- [WHAT NEEDS TO BE DONE] Setting pictures aside, output exactly the lines from the start of the records to the line with "Was würde mich", that line included.

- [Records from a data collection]
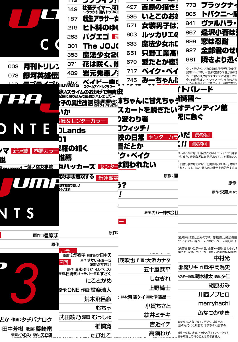 「ウルトラジャンプ 2025年3月号」、紙と同時に配信!/【表紙&センターカラー】『バグエゴ』(原作:ONE 作画:設楽清人)/【新連載&巻頭カラー】『月刊トリレンマ』(原作:橿原まどか 作画:タチバナロク)/【センターカラー】『ベイビー車中ハッカーズ』(たびれこ)、『只野工業高校の日常』(小賀ちさと)/【最終回】『全部君のせいだ』(merryhachi)、『瞬きより迅く!!』(ふなつかずき)/ほか、22作品を掲載!
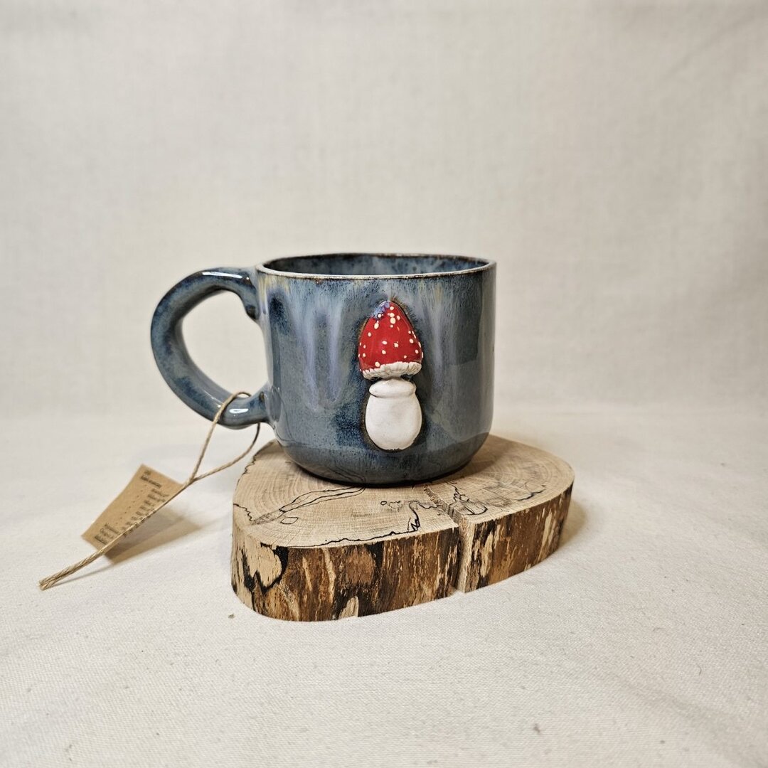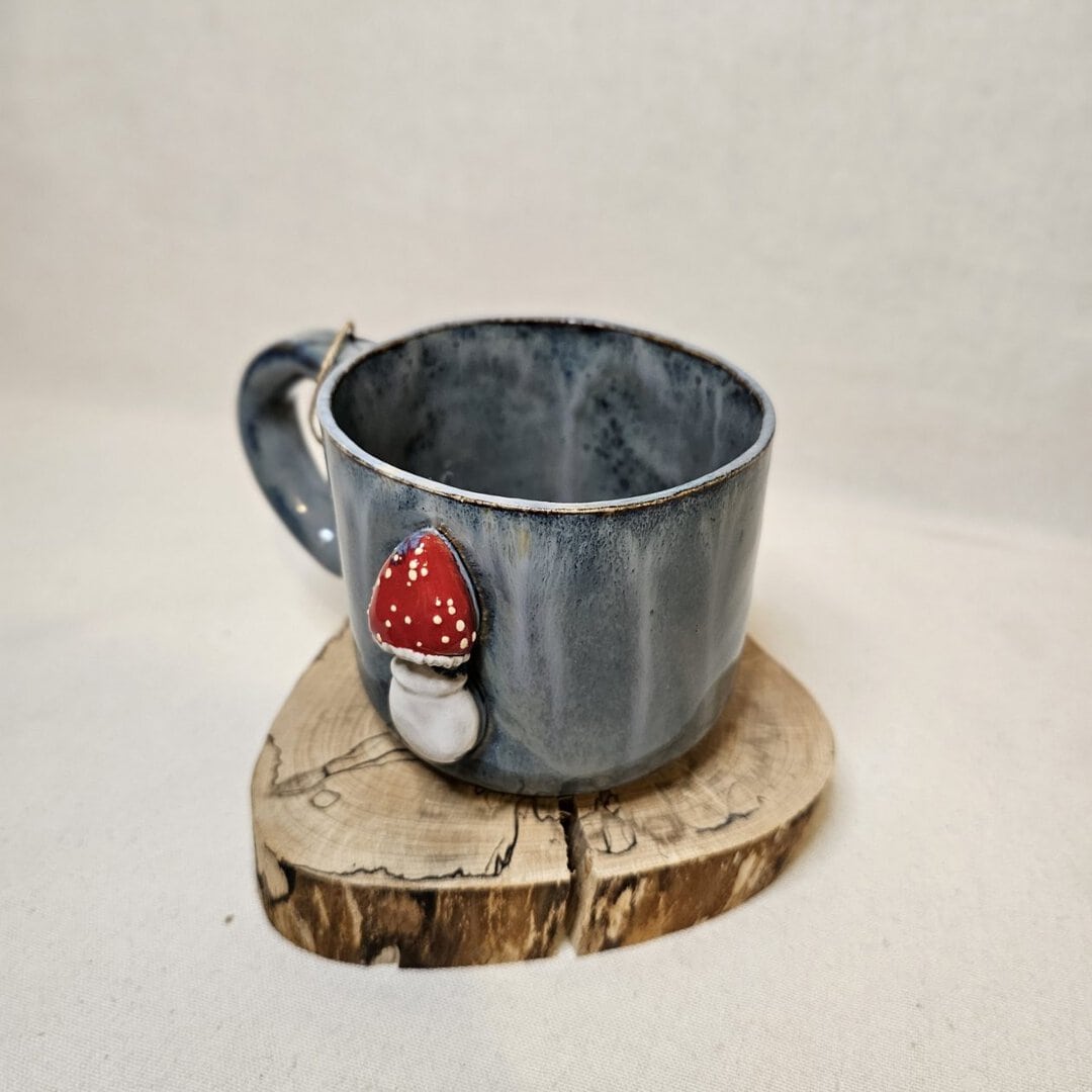 Ręcznie wykonany kubek ceramiczny z pracowni Diada, ozdobiony przestrzennym motywem czerwonego muchomora. Prosta, lekko pękata forma i głębokie, niebiesko-szare szkliwo nadają mu spokojny, naturalny charakter.
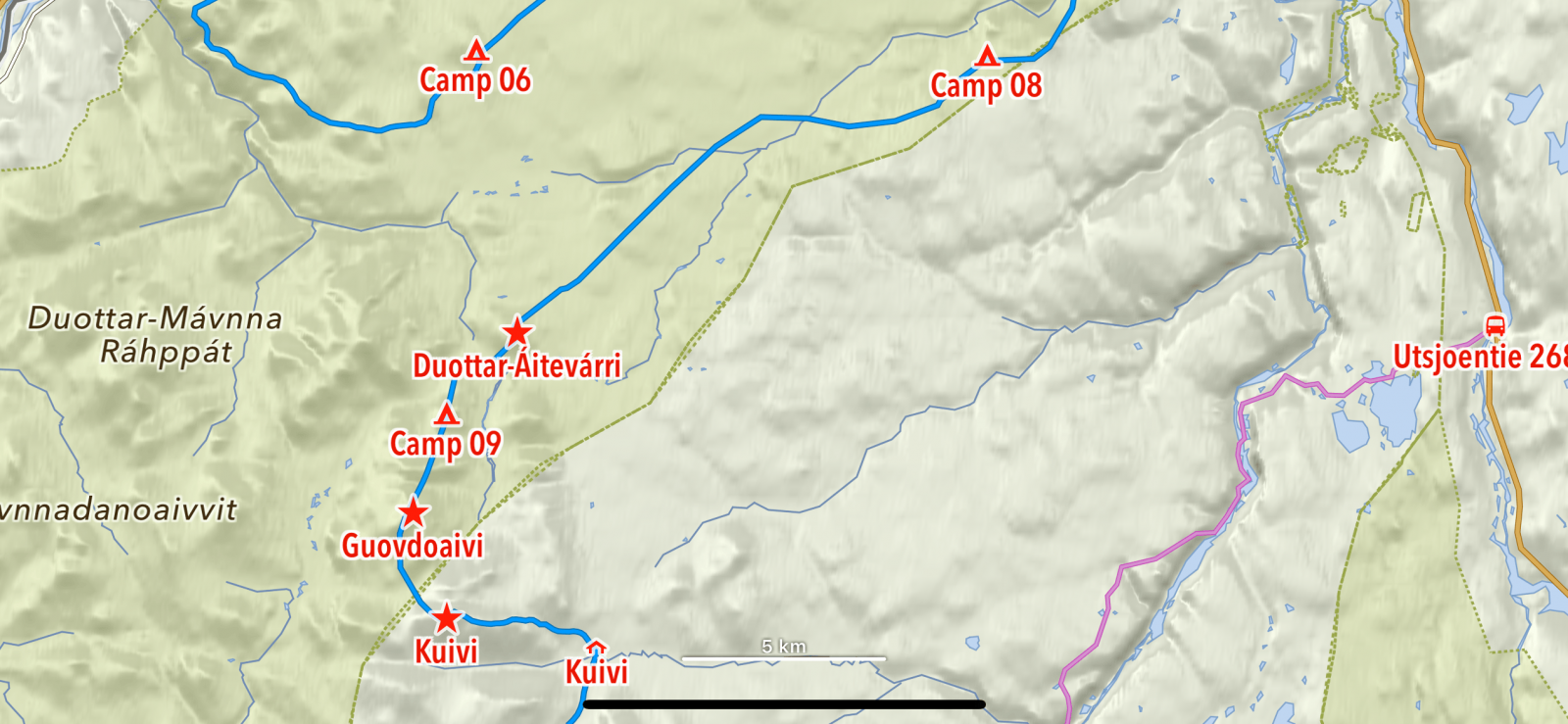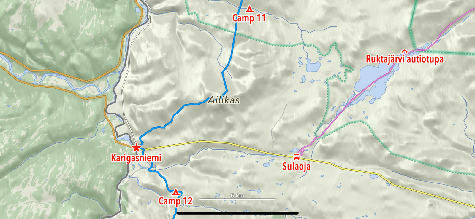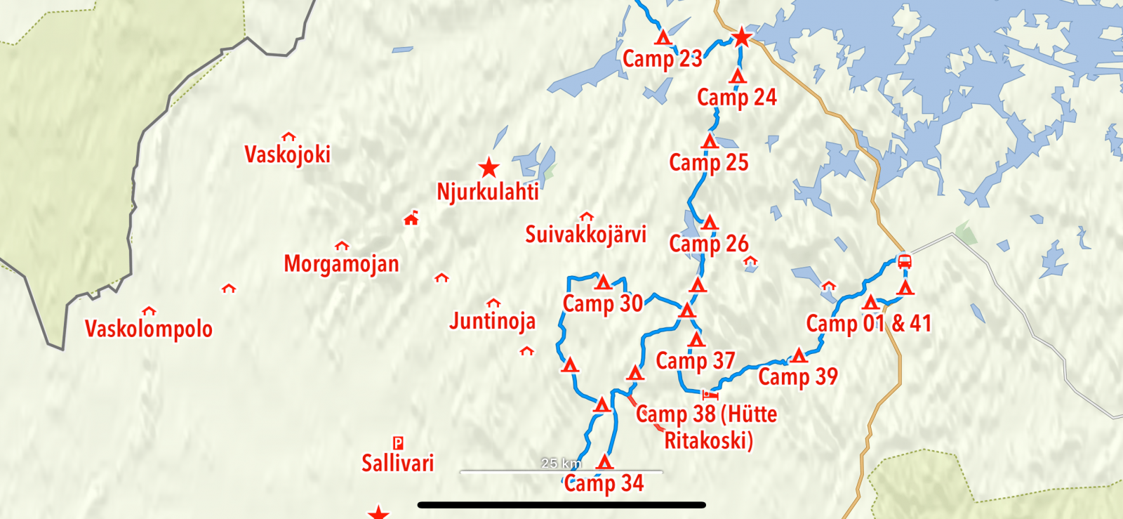 Was würde mich erwarten? Ich wusste es nicht-und wollte es auch gar nicht so genau wissen. Das einzigste was Ich noch tat war mir auf https://classic.nationalparks.fi/ die entsprechenden Seiten der Gebiete anzusehen die auf meiner Route liegen würden, mich mit den Regeln und Verhaltensweisen vertraut zu machen z.B. Restriktionen im Kevo Natur Reservat, die Hütten sowie Bushaltestellen in meiner App zu markieren die Ich im Notfall erreichen könnte.
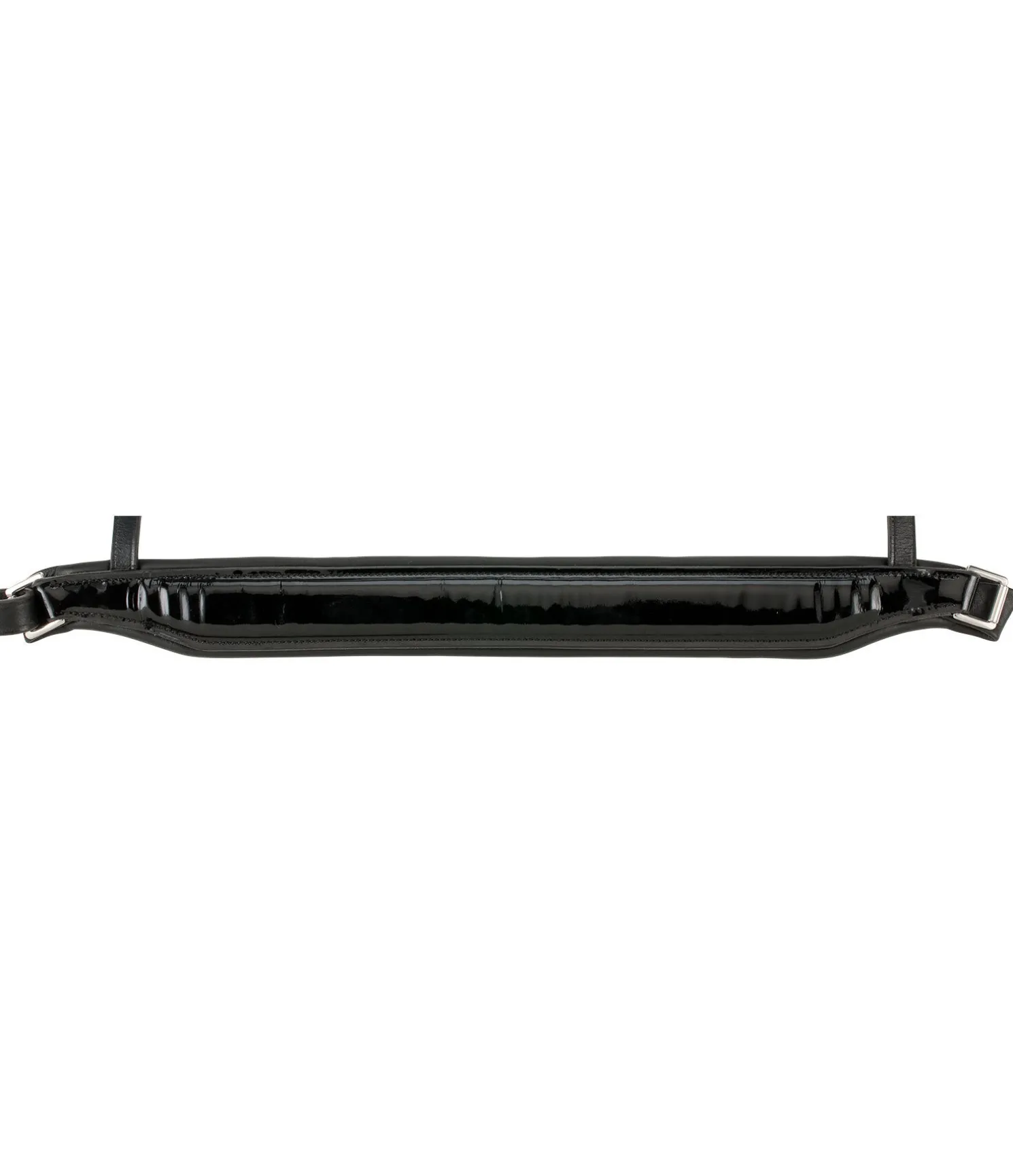 Bridon en cuir gras de qualité supérieure avec muserolle suédoise anatomique qui, grâce à sa coupe, offre plus de place au mors de bride. Le cuir travaillé avec soin est particulièrement doux et souple. Il assure une répartition optimale de la pression et l’allège au mieux au niveau des oreilles, de la première vertèbre cervicale et du chanfrein. Pad de menton avec doublure douce. Frontal vague avec strass blancs. La muserolle en cuir verni est le point fort de ce bridon. Il est également doublé d’un rembourrage en cuir doux véritable. Porte-mors à crochets. Avec rênes, sans mors.
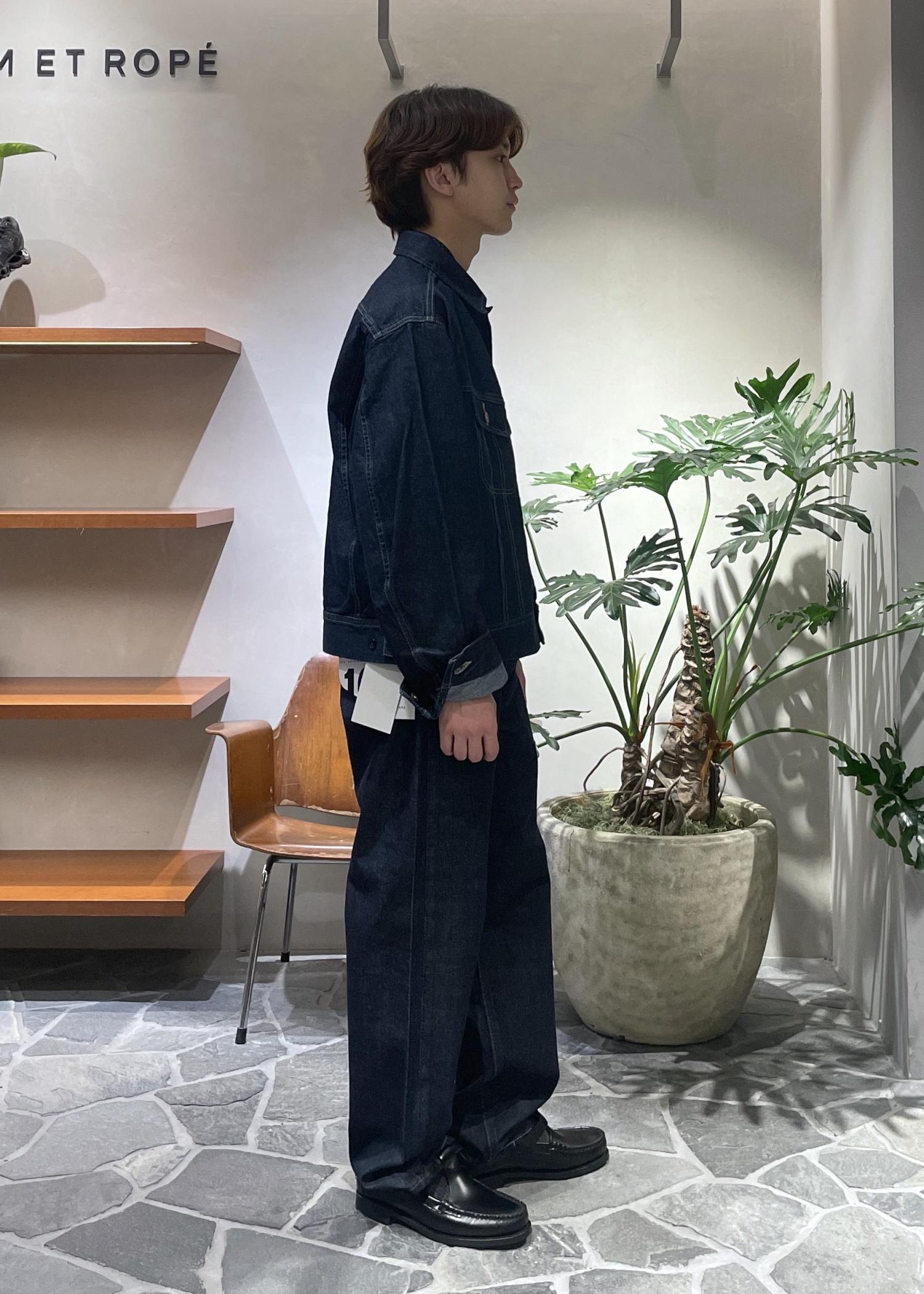 Lee×MARKAWARE×ADAM ET ROPÉのトリプルコラボ。ジャケットはゆったりとしたサイズ感で、パンツは清潔感のあるストレートシルエットです。セットアップで着ていただくのが1番かっこいいです!
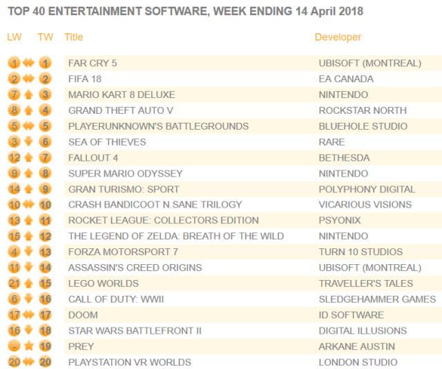 Появились данные о продажах физических версий игр на территории Британии за прошлую неделю. На первом месте остался боевик в открытом мире Far Cry 5, продажи которого снизились на 45% по сравнению с предыдущей неделей.
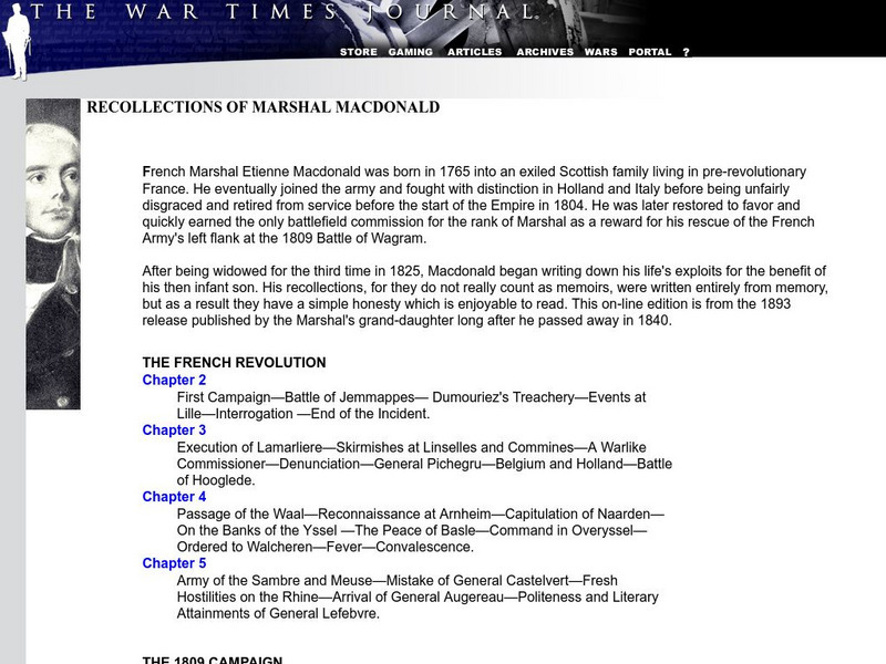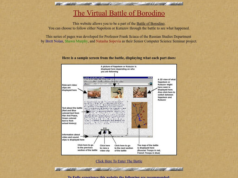 Follow Napoleon or Kutuzov through the Battle of Borodino. Site provides narrative as well as a 3D view of what Napoleon or Kutuzov might have seen during the Battle.
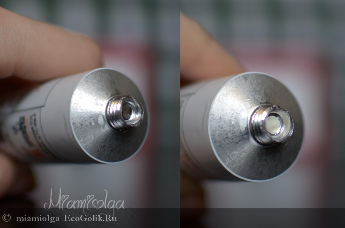 Сам крем - молочно-белого цвета, обладает чуть маслянистой консистенцией. Но впитывается довольно быстро.
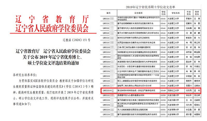 近日,辽宁省教育厅、辽宁省人民政府学位委员会发布了2019年辽宁省优秀博士、硕士学位论文评选结果的通知,best365化学工程与技术专业2016级硕士毕业生刘冬雨的硕士学位论文《氧化锌纳米材料的合成、改性及气敏特性研究》被评为辽宁省优秀硕士学位论文,论文指导教师为孟丹教授。
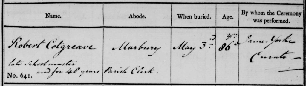 When Robert Cotgreave died in 1855 at the age of 86, his handwriting was shaky but his reputation was secure. In the box marked “name” in the parish register, into which was almost always written exactly that – someone’s name and nothing else – the priest recorded that Robert had been “for 48 years Parish Clerk”.
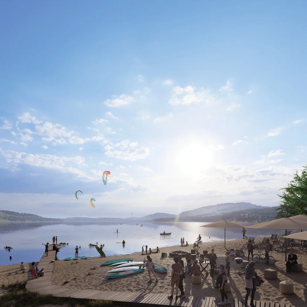 Severní, východní a část západního břehu zahrnují celoročně volně přístupné tematické plochy, které budou sloužit odpočinku, koupání a sportu v extenzivně obhospodařované kulturní krajině luk, lesů a sadů. Pláže se zázemím, gastroprovozy, procházkové, běžecké i cyklistické trasy, kempy, vyhlídky, odpočívadla, grilovací místa a několik zoologických překvapení vytvoří jedinečné prostředí pro aktivní i pasivní odpočinek, lenošení i rodinné výlety.
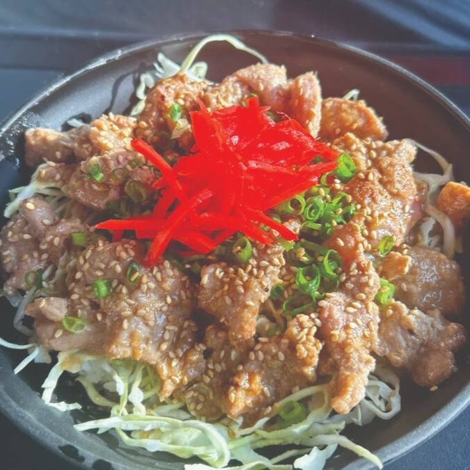 Arroz na base, repolho, sobrepaleta suina, cebola no molho shoyu com gengibre e especiarias

- [WRITTEN REPLY]
 「ウルトラジャンプ 2025年3月号」、紙と同時に配信!/【表紙&センターカラー】『バグエゴ』(原作:ONE 作画:設楽清人)/【新連載&巻頭カラー】『月刊トリレンマ』(原作:橿原まどか 作画:タチバナロク)/【センターカラー】『ベイビー車中ハッカーズ』(たびれこ)、『只野工業高校の日常』(小賀ちさと)/【最終回】『全部君のせいだ』(merryhachi)、『瞬きより迅く!!』(ふなつかずき)/ほか、22作品を掲載!
 Ręcznie wykonany kubek ceramiczny z pracowni Diada, ozdobiony przestrzennym motywem czerwonego muchomora. Prosta, lekko pękata forma i głębokie, niebiesko-szare szkliwo nadają mu spokojny, naturalny charakter.
 Was würde mich erwarten? Ich wusste es nicht-und wollte es auch gar nicht so genau wissen. Das einzigste was Ich noch tat war mir auf https://classic.nationalparks.fi/ die entsprechenden Seiten der Gebiete anzusehen die auf meiner Route liegen würden, mich mit den Regeln und Verhaltensweisen vertraut zu machen z.B. Restriktionen im Kevo Natur Reservat, die Hütten sowie Bushaltestellen in meiner App zu markieren die Ich im Notfall erreichen könnte.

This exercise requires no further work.